> [Aim of the exercise]: From the line containing "Here’s an example" down to the last line of the entries, print each line exactly and leave the pictures out.

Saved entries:
※ ※ ※
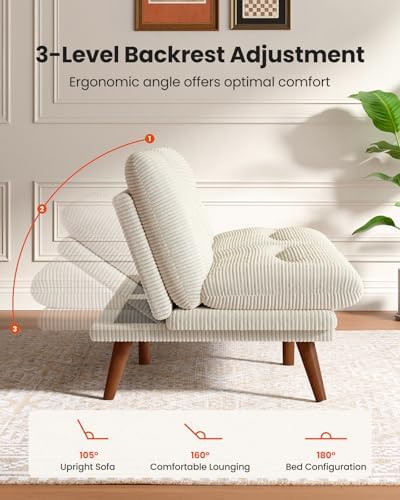 Maximize comfort and space efficiency with our convertible futon sofa couch. Featuring soft, textured corduroy fabric, the vintage look is stylish while providing lasting comfort for lounging, sitting, or sleeping, making it an ideal solution for apartments and mid-century inspired living spaces.
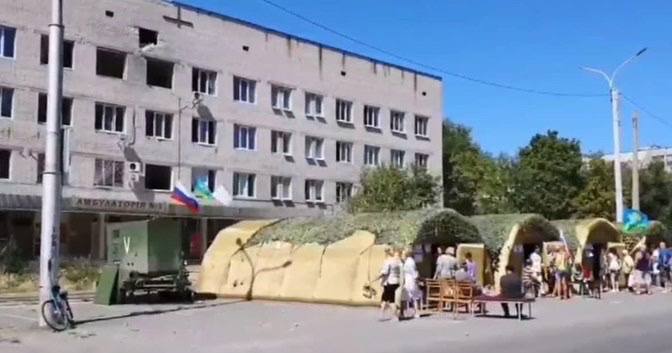 "После грязных "помывочных", оккупационные власти решили людей подлечить и возле поврежденного здания больницы установили палатку, где росврачи ведут прием. Ни оборудования, ни медикаментов, только "денег нет, но вы держитесь", - написал Гайдай.
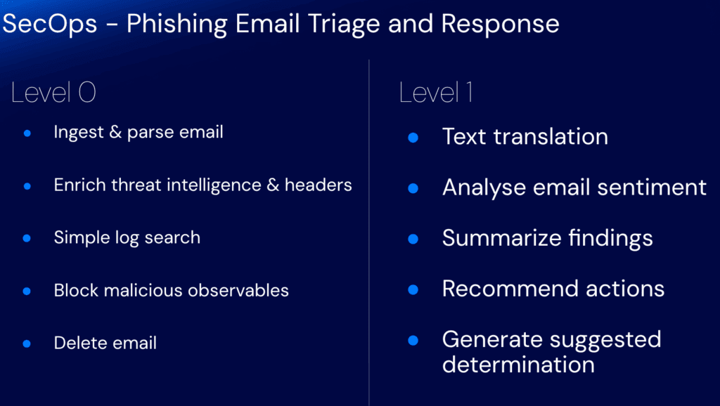 Here’s an example of what this would look like for phishing email triage and response from automated, assistive AI, supervised agentic AI, and full autonomy (level 0 – level 3).
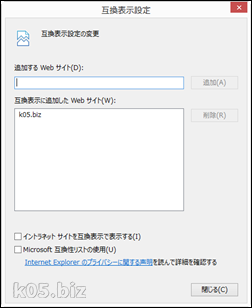 IE11の互換表示設定のところに、調べたいサイトのURLを登録します。
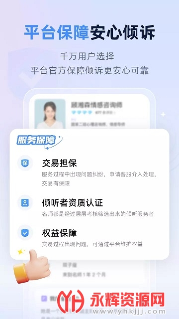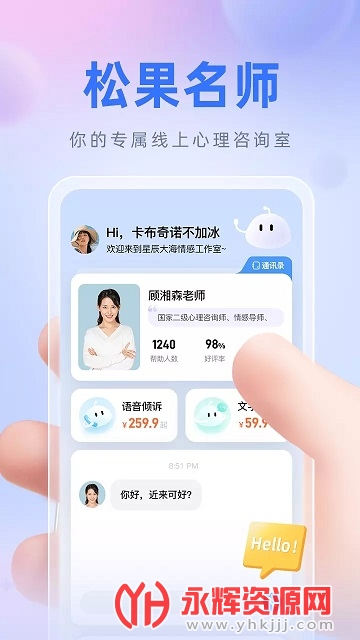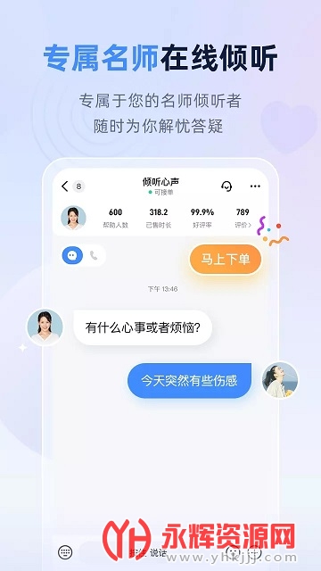你的专属线上心理咨询室,用户通过这款软件,可以咨询心中存在的问题,解决生活、工作上的压力,还是很不错的。
※ ※ ※
> [Task result]:
 Here’s an example of what this would look like for phishing email triage and response from automated, assistive AI, supervised agentic AI, and full autonomy (level 0 – level 3).
 IE11の互換表示設定のところに、調べたいサイトのURLを登録します。
你的专属线上心理咨询室,用户通过这款软件,可以咨询心中存在的问题,解决生活、工作上的压力,还是很不错的。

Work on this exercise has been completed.